What do you think of this alternative wording:

When the CPU sends a message to the GSP, it writes the message to its own queue
(CPU queue) and updates the write pointer in its queue's TX header. The GSP
checks for pending messages by reading its RX header's read pointer and
comparing it to the CPU's TX header's write pointer. If the GSP's read pointer
lags behind, messages are waiting. After processing each message, the GSP
advances its read pointer to acknowledge receipt. 

For GSP-to-CPU communication, the roles reverse: the GSP writes to its queue and
updates its TX write pointer, while the CPU monitors its RX read pointer and
advances it after consuming messages.


> +
> +Page-based message passing
> +--------------------------
> +The message queue is page-based, which means that the message is stored in a
> +page-aligned buffer. The page size is 4KB. Each message starts at the beginning of
> +a page. If the message is shorter than a page, the remaining space in the page is
> +wasted. The next message starts at the beginning of the next page no matter how
> +small the previous message was.
> +

Error Handling: The document doesn't mention:

a) What happens when queues are full
b) How message corruption is detected and handled
c) Recovery mechanisms for communication failures

Performance Considerations: It would be helpful to add:
a) Why 63 pages were chosen for each queue
b) Typical message sizes and throughput expectations

> +Note that messages larger than a page will span multiple pages. This means that
> +it is possible that the first part of the message lands on the last page, and the
> +second part of the message lands on the first page, thus requiring out-of-order
> +memory access. The SBuffer data structure in Nova tackles this use case.

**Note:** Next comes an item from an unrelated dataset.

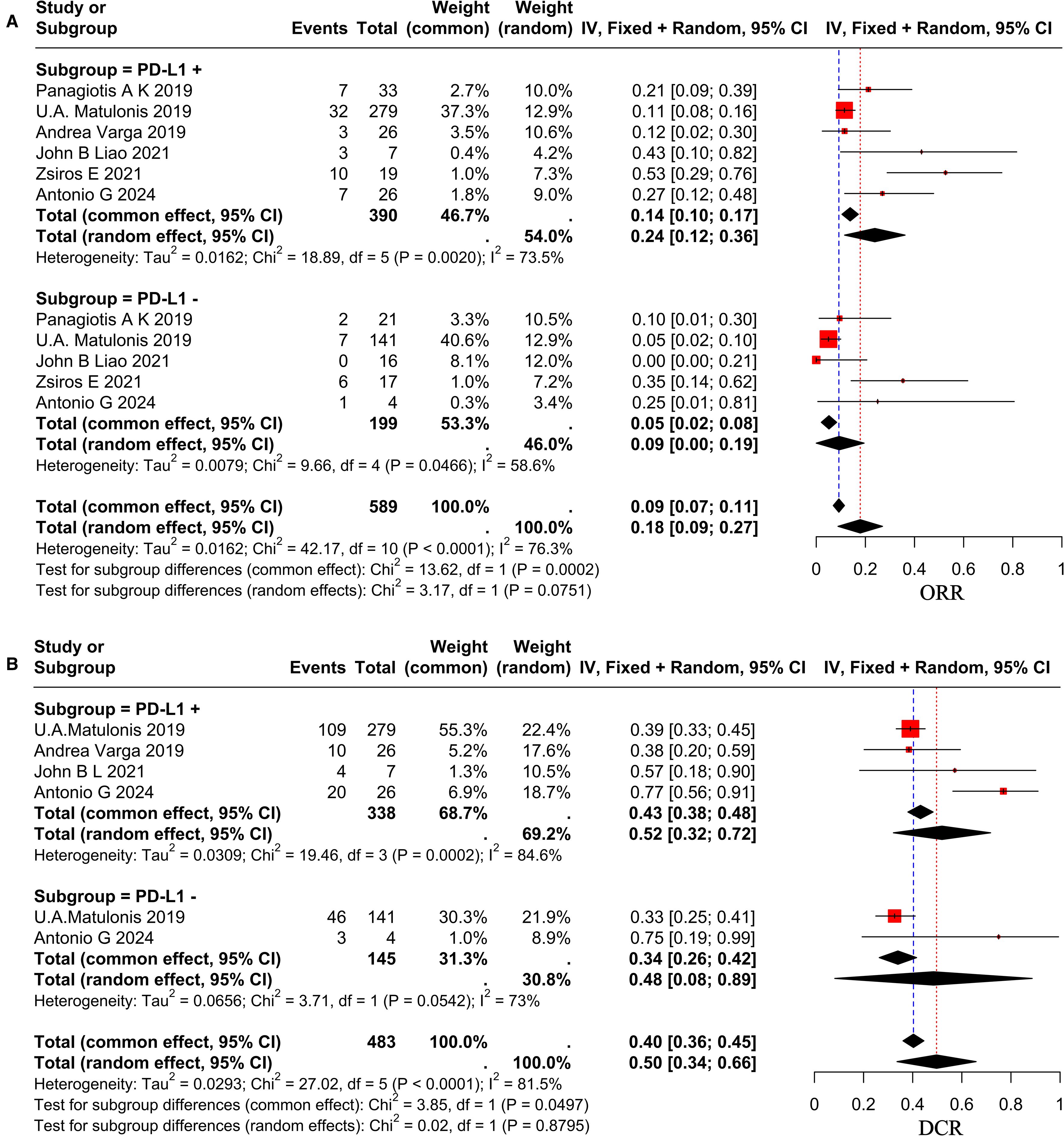 Figure 3. Forest plot showing subgroup analysis of ORR (A) and DCR (B) in different PD-L1 status group.

I don't think SBuffer has landed in the kernel, nor in the pre-requisite bitfield
patchset, yet, right? We could replace that last sentence with something like
"TODO: show how the upcoming SBuffer data structure helps with this use case".


> +
> +RPC Message Structure:

Let's remove the trailing colon.

> +======================
> +
> +An RPC message is also called a "Message Element". The entire message has
> +multiple headers. There is a "message element" header which handles message
> +queue specific details and integrity, followed by a "RPC" header which handles

s/a "RPC"/an "RPC"/

> +the RPC protocol details::
> +
> +    +----------------------------------+
> +    |        GspMsgHeader (64B)        | (aka, Message Element Header)
> +    +----------------------------------+
> +    | auth_tag_buffer[16]              | --+
> +    | aad_buffer[16]                   |   |
> +    | checksum        (u32)            |   +-- Security & Integrity

Can we say anything useful here about:

a) What authentication mechanism is used
b) How message integrity is verified
c) Whether encryption is employed

?

> +    | sequence        (u32)            |   |
> +    | elem_count      (u32)            |   |
> +    | pad             (u32)            | --+
> +    +----------------------------------+
> +    |        GspRpcHeader (32B)        |
> +    +----------------------------------+
> +    | header_version  (0x03000000)     | --+
> +    | signature       (0x43505256)     |   |
> +    | length          (u32)            |   +-- RPC Protocol
> +    | function        (u32)            |   |
> +    | rpc_result      (u32)            |   |
> +    | rpc_result_private (u32)         |   |
> +    | sequence        (u32)            |   |
> +    | cpu_rm_gfid     (u32)            | --+

This shows field values but doesn't explain:

a) What "signature (0x43505256)" represents (appears to be "CPRV" in ASCII)
b) The purpose of cpu_rm_gfid field
c) Valid ranges for the function field

> +    +----------------------------------+
> +    |                                  |
> +    |        Payload (Variable)        | --- Function-specific data
> +    |                                  |
> +    +----------------------------------+
> diff --git a/Documentation/gpu/nova/index.rst b/Documentation/gpu/nova/index.rst
> index e39cb3163581..46302daace34 100644
> --- a/Documentation/gpu/nova/index.rst
> +++ b/Documentation/gpu/nova/index.rst
> @@ -32,3 +32,4 @@ vGPU manager VFIO driver and the nova-drm driver.
>     core/devinit
>     core/fwsec
>     core/falcon
> +   core/msgq

thanks,
-- 
John Hubbard